**EXTRACTED DATA**
□ □ □ □ □

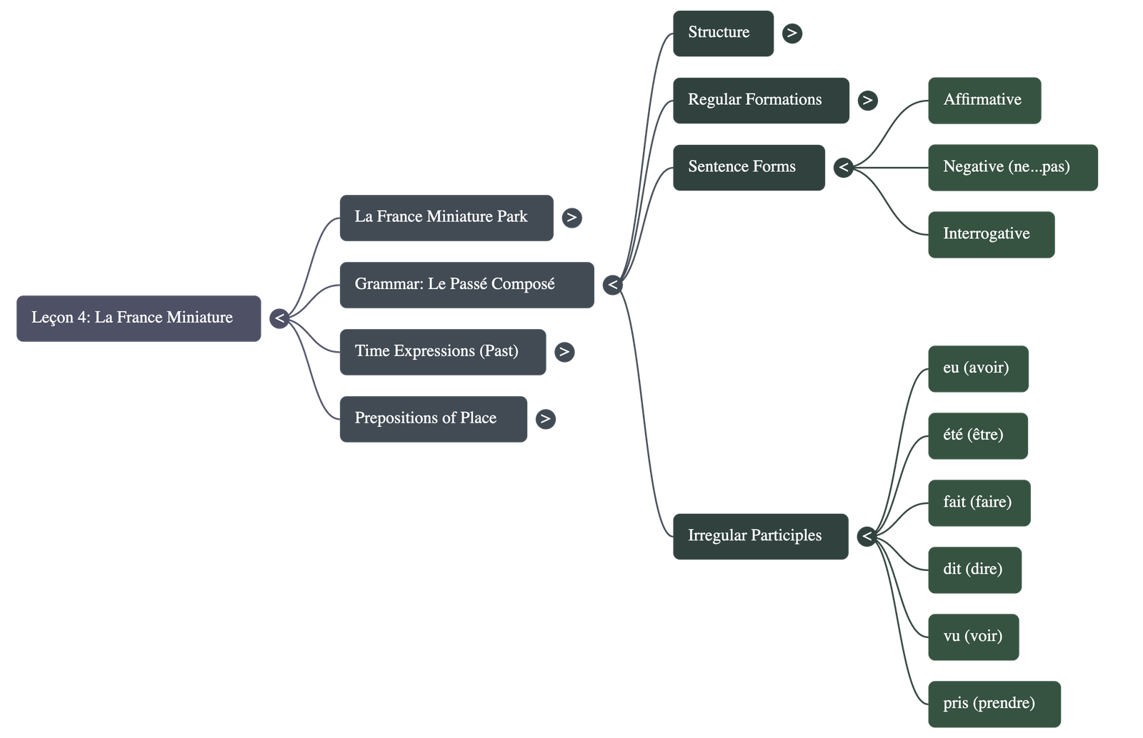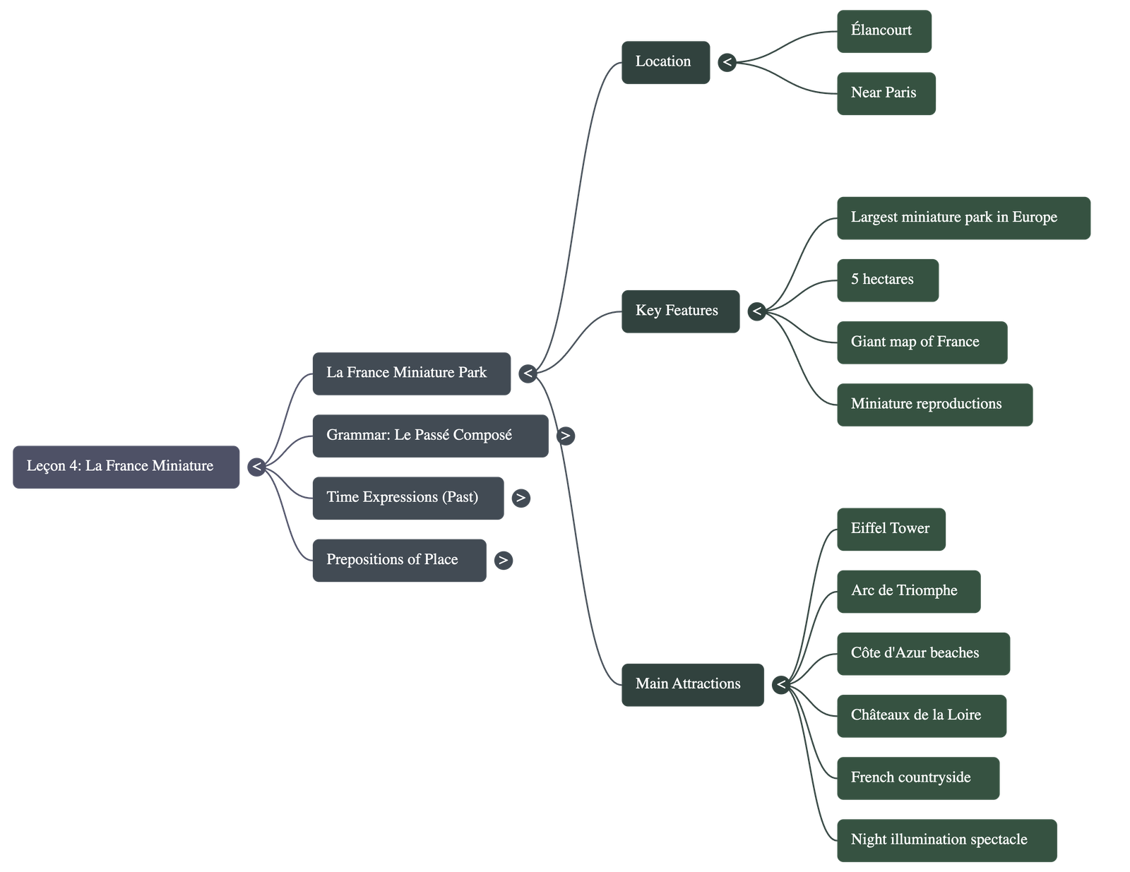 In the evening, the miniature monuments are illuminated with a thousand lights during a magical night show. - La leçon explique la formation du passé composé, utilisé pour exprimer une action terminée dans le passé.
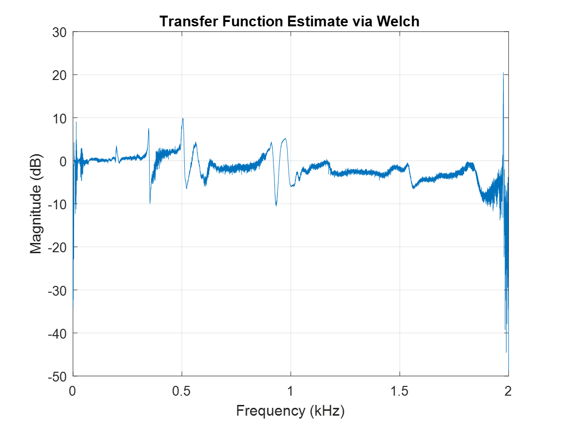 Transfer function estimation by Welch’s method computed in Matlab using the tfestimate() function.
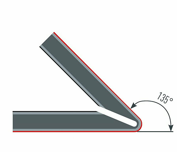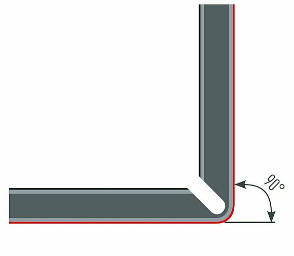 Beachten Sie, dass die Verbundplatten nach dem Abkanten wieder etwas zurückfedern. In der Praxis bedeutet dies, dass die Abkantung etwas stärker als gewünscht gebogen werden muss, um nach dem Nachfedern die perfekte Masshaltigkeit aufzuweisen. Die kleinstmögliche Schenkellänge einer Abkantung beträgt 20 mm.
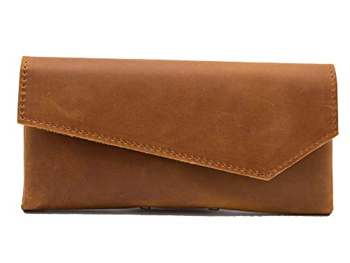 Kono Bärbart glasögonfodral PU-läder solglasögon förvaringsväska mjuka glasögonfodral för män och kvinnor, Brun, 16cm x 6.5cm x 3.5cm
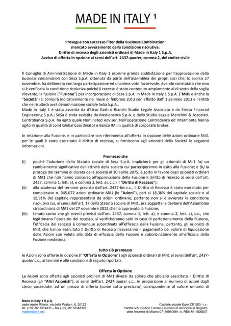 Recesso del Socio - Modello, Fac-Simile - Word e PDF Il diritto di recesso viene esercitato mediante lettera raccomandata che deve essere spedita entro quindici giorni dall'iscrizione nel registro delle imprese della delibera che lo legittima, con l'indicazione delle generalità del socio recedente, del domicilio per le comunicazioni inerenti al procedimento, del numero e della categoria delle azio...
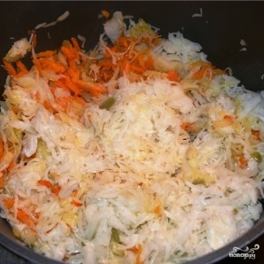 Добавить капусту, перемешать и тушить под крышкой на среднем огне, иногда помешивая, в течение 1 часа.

□ □ □ □ □

The answer must be the exact lines from the line with "Recesso del Socio" to the final line of the data, both ends included, with no pictures.

 Recesso del Socio - Modello, Fac-Simile - Word e PDF Il diritto di recesso viene esercitato mediante lettera raccomandata che deve essere spedita entro quindici giorni dall'iscrizione nel registro delle imprese della delibera che lo legittima, con l'indicazione delle generalità del socio recedente, del domicilio per le comunicazioni inerenti al procedimento, del numero e della categoria delle azio...
 Добавить капусту, перемешать и тушить под крышкой на среднем огне, иногда помешивая, в течение 1 часа.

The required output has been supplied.